Location: Sugarbeet and Bean ResearchTitle: Effects of optical variables in a single integrating sphere system on estimation of scattering properties of turbid media
|HU, DONG - Zhejiang A & F University|
|HUANG, YUPING - Nanjing Forestry University|
|YING, YIBIN - Zhejiang University|
|FU, XIAPING - Zhejiang Sci-Tech University|
Submitted to: Biosystems Engineering
Publication Type: Peer Reviewed Journal
Publication Acceptance Date: 3/19/2020
Publication Date: 6/1/2020
Citation: Hu, D., Lu, R., Huang, Y., Ying, Y., Fu, X. 2020. Effects of optical variables in a single integrating sphere system on estimation of scattering properties of turbid media. Biosystems Engineering. 194:82-98. https://doi.org/10.1016/j.biosystemseng.2020.03.012.
Interpretive Summary: In recent years, there is increased interest in measuring optical absorption and scattering properties as a means for assessing composition, quality and condition of food and agricultural products. However, accurate measurements of these optical parameters are challenging owing to the need of using sophisticated instrumentation and a complicated mathematical approach, and the lack of a good reference measurement technique. This research was intended to determine the effect of different optical variables used in the single integrating sphere (SIS) technique, a widely used reference method, on the measurement of optical absorption and scattering parameters. Thirty-six samples, 12 each of pure absorption, pure scattering and mixed (combined absorbing and scattering materials) samples, were created, plus two solid samples of known optical properties. Experimental measurements were taken for these samples using both the SIS technique and another standard technique (i.e., collimated transmittance) to measure the absorption and scattering parameters of the 36 samples. Results showed that the SIS technique overall performed satisfactorily in terms of measurement accuracy, repeatability and sensitivity. Among all optical variables investigated, six variables (i.e., light beam size and its incidence position, refractive indexes of sample and the sample holder or cuvette, sphere wall reflectivity, and specular reflectance) were found to have a significant effect on the measurement of the optical scattering parameter and, hence, they should be carefully considered when using the SIS technique. The research provides guidance on how to properly use the SIS technique to ensure accurate measurements of the optical scattering parameter.

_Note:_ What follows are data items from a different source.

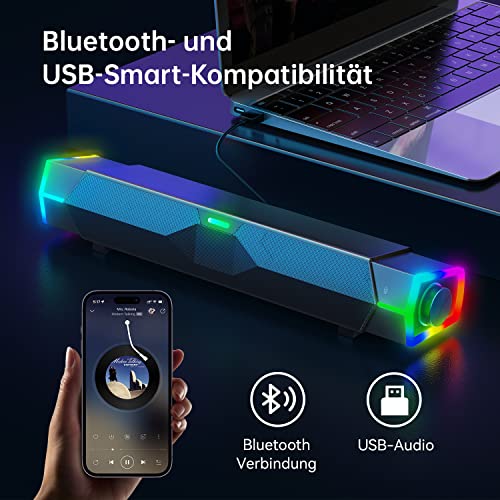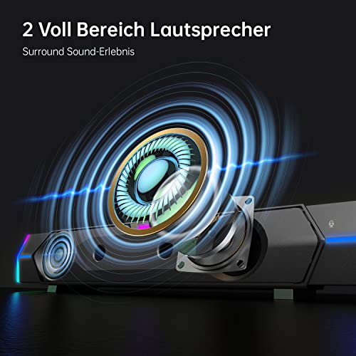 ♪【2 Wege zur Verbindung】: Die Bluetooth Computer Soundbar unterstützt sowohl Bluetooth 5.0-Verbindung als auch USB-Verbindung, Plug and Play mit breiter Kompatibilität. PC-Lautsprecher für Computer, Laptop, Tablet, Monitore, Smartphones und TV. Der Modus-Schalter kann durch Doppelklick auf die rechte Taste gesteuert werden.
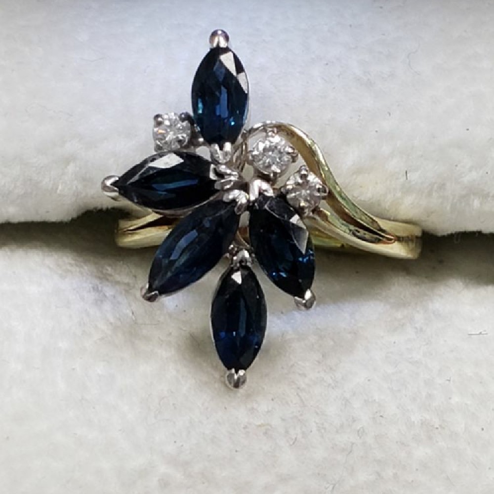 14kt yg sapphire & .08ct tw diamond ring, yellow gold
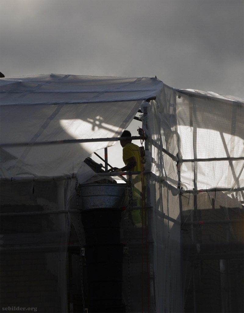 Jag tycker det är trevligt att se folk jobba (jobba ihop till min pension, bland annat). Det var min första tanke. Den andra är att det här kanske är en underbetald och hårt jagad lettisk eller polsk byggnadsarbetare som borde ha bättre anställningsförhållanden. Vad vet man? – Trevlig helg i alla fall, efter detta lilla filosoferande!
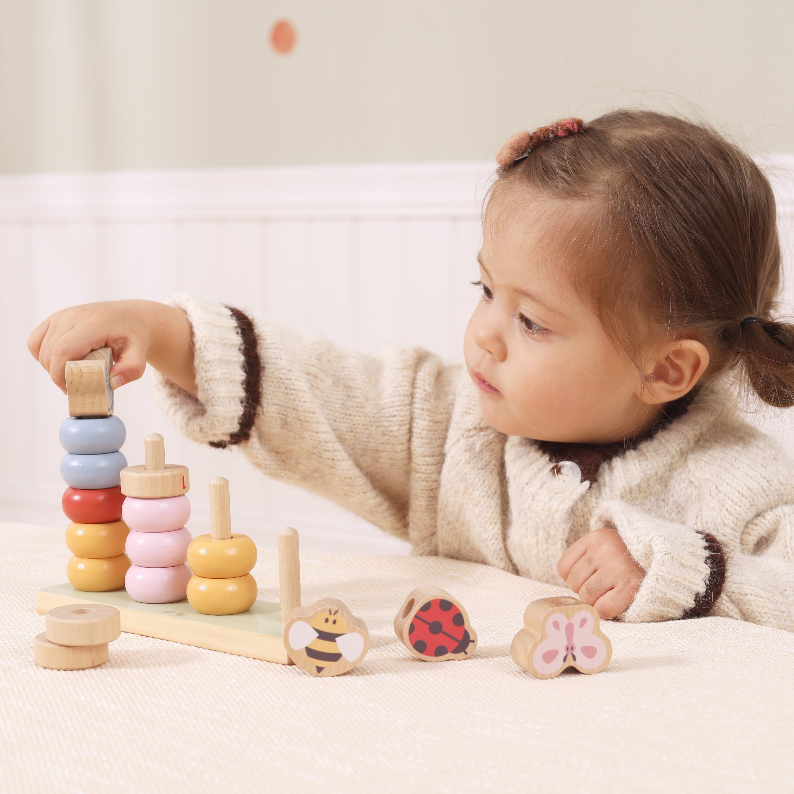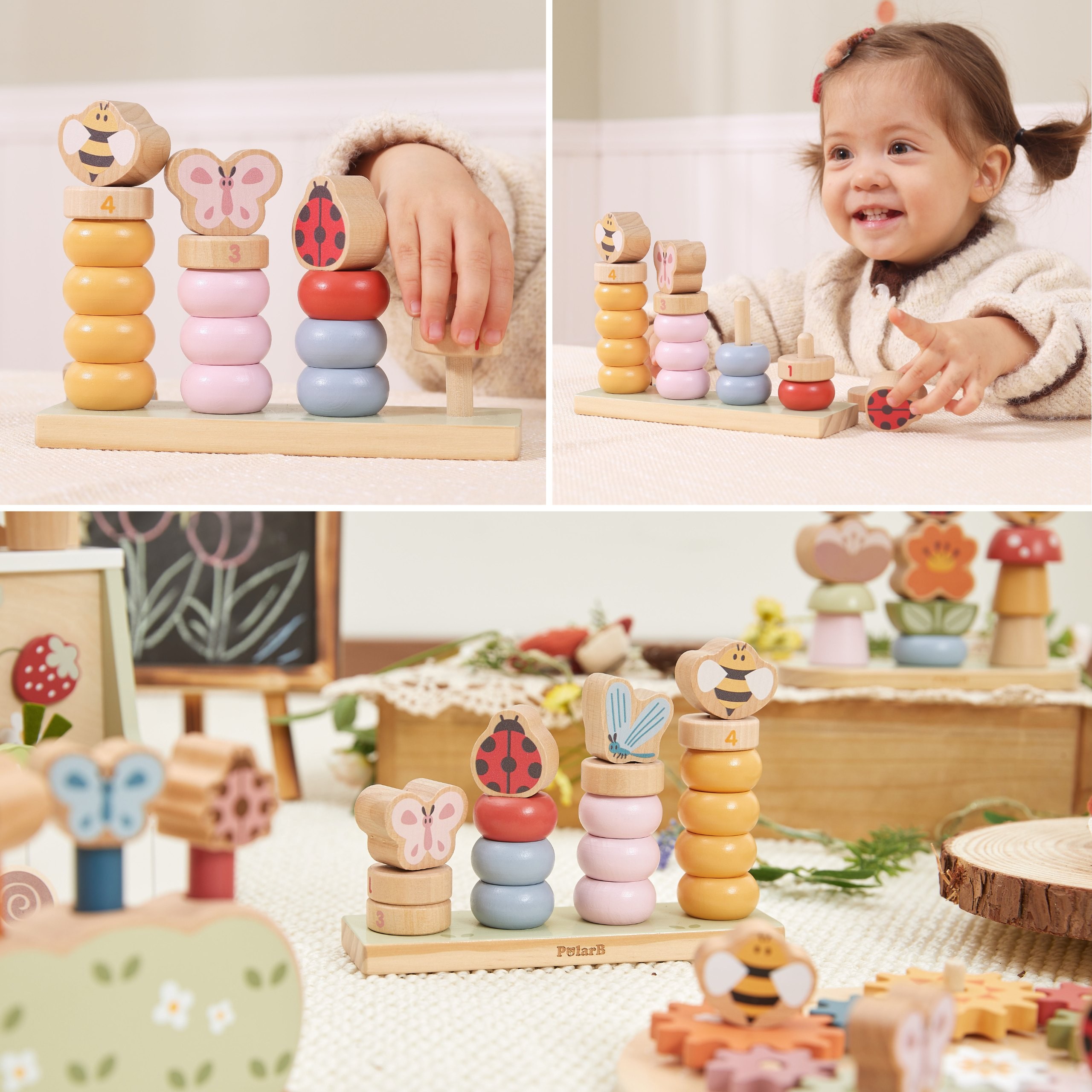 Medinė dėlionė „Pavasaris“ iš Viga yra linksmas žaidimas, natūraliai supažindinantis vaikus su skaičiavimo ir loginio mąstymo pasauliu. Spalvingos detalės su mielais vabzdžių motyvais skatina mažylius dėlioti, rūšiuoti ir eksperimentuoti. Žaidime reikia detales dėti ant smeigtukų, derinti pagal spalvas, dydžius ir skaičius. Tai leidžia vaikams mokytis per veiksmą savo tempu. Puikus mokymosi, lavinimo ir smagaus žaidimo derinys namuose, darželyje ar ikimokyklinėje įstaigoje.

Technical Abstract: This research was aimed at determining the effect of optical variables for an improved single integrating sphere system, coupled with the inverse adding-doubling method, on estimating the reduced scattering coefficient of turbid media over 500-1,000 nm. Integrating sphere and collimated transmittance measurements were performed on three groups of 36 liquid samples (i.e., 12 pure absorbing samples, 12 pure scattering samples and 12 mixed samples) covering a wide range of absorption coefficient and reduced scattering coefficient, together with two commercial solid samples. The results demonstrated that the system had good accuracy, with average relative errors for estimating the absorption coefficient (pure absorption) and reduced scattering coefficient (pure scattering) of liquid samples, being 15.0% and 4.7% over 550-900 nm, compared with the collimated transmittance method and empirical equation, respectively. It also had good reproducibility for the absorption and reduced scattering coefficients with the coefficients of variation being lower than 4%. Sensitivity analysis revealed that the detectable value of absorption was around 0.02 (1/cm). Entrance and detector port diameters, standard reflectivity, and anisotropy factor had a negligible effect (less than 2.2%). However, refractive indexes of the sample and cuvette, sphere wall reflectivity, beam diameter and its position, and specular reflectance had a relatively large effect. Hence, these variables should be carefully chosen or accurately measured before optical property measurements are carried out. Moreover, a smaller diameter light beam, with the illumination incident on the sample center perpendicularly, should be used in the measurement. The specular reflectance from the sample can be, however, ignored when estimating the reduced scattering coefficient due to the difficulty of separating it from the diffuse reflectance.